When Trump was projected the winner, many had anxiety attacks, vomited, cried out in despair, and other were gripped by fear to the point of military silence. The church has to understand too many of the members understood what was at risk. Some of us read Project 2025 and know that this election wasn’t about party lines, but truly the soul of this nation was hanging in the balance and America choose to injure itself deeply. The understanding of this made some Black people feel like time was about to rewind. They felt as though they were now sentenced to have to fight the same battles as their ancestors because the history is about to repeat itself.

Moments such as this are crucial in terms of spiritual well-being. Having a justifiable anger feel dismissed isn’t going to being anyone closer to God. This won’t make anyone want to come together to open up about how they feel so that someone can assist them with managing the anger and disappointment in a spiritual way. The church for our people was at the center of our movement for human and civil rights. The church used to be active in movement for freedom and it was a safe haven for our emotional state. Now it seems as though we can’t express our heart without being shut up with an affirmation that is true, but in the moment dismissive. This is not something that just took place…to many of us have been enduring this every time something goes wrong. It’s as though one doesn’t want to be infected with our anger or they simply don’t’ care to deal with it. If the latter is the case, the ministry might not be the calling because care is necessary. In making someone feel dismissed we are often time insulting their intelligence.

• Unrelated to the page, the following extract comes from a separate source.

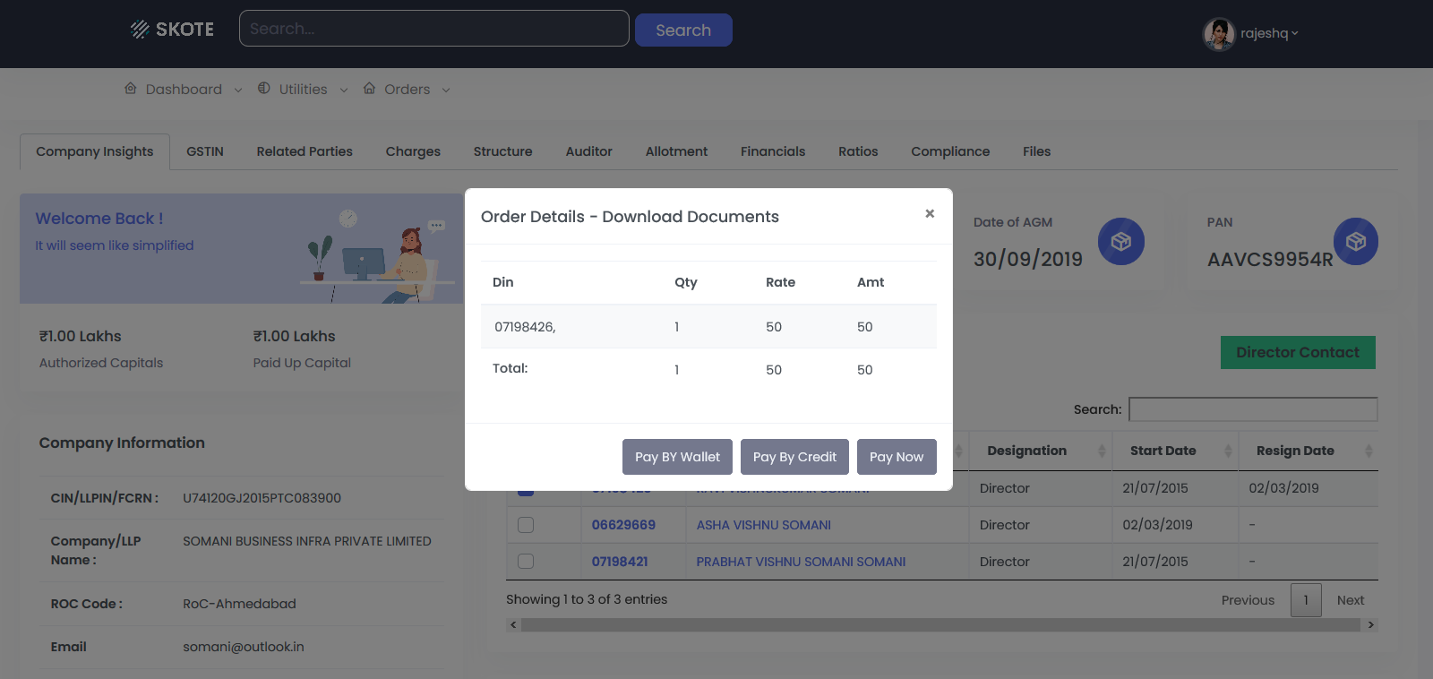 You will be prompted for the payment part and you may use you rcredit, wallet or make the instant payment online via payment gateway, Once you are done with the payment part, you will get the details on the screen when you click on the directors link (DIN No.).

Please know that those that are expressing anger are aware that you very well may be angry also. Due to that there is an underlining hypocrisy per se because you want someone to have a response you yourself can’t fully manage. It’s the facade that allows you to appear strong, together, and unmoved by what is happening in the world. That’s not the truth,  many of our ministers are also disappointed, angry and have justifiable concern for what we could be about to go through over the next four years and beyond. If we are all honest with each other about what we are feeling, we can move forward together and help one another stand.

Anger is an honest emotion in this time. Fear of what’s to come is a very real sentiment. As believers we much be a true safe space for one another. It’s okay to cry, express fear, question how you will navigate publicly, and even express feelings of wanting to isolate or segregate if that arises. These things need to be able to be talked about. Most of the times that is what the congregation is needing…to be heard and to have their pain seen and acknowledged by another human being. We can do this for one another, and in this open space we will better know how to pray for each other and assist with the resources that might be needed now, or in the future. At the end of truly being heard, reminding each other that “God is good” and no matter what happened his is still reigning on the throne hits different. In that moment it is not dismissive…it is comforting.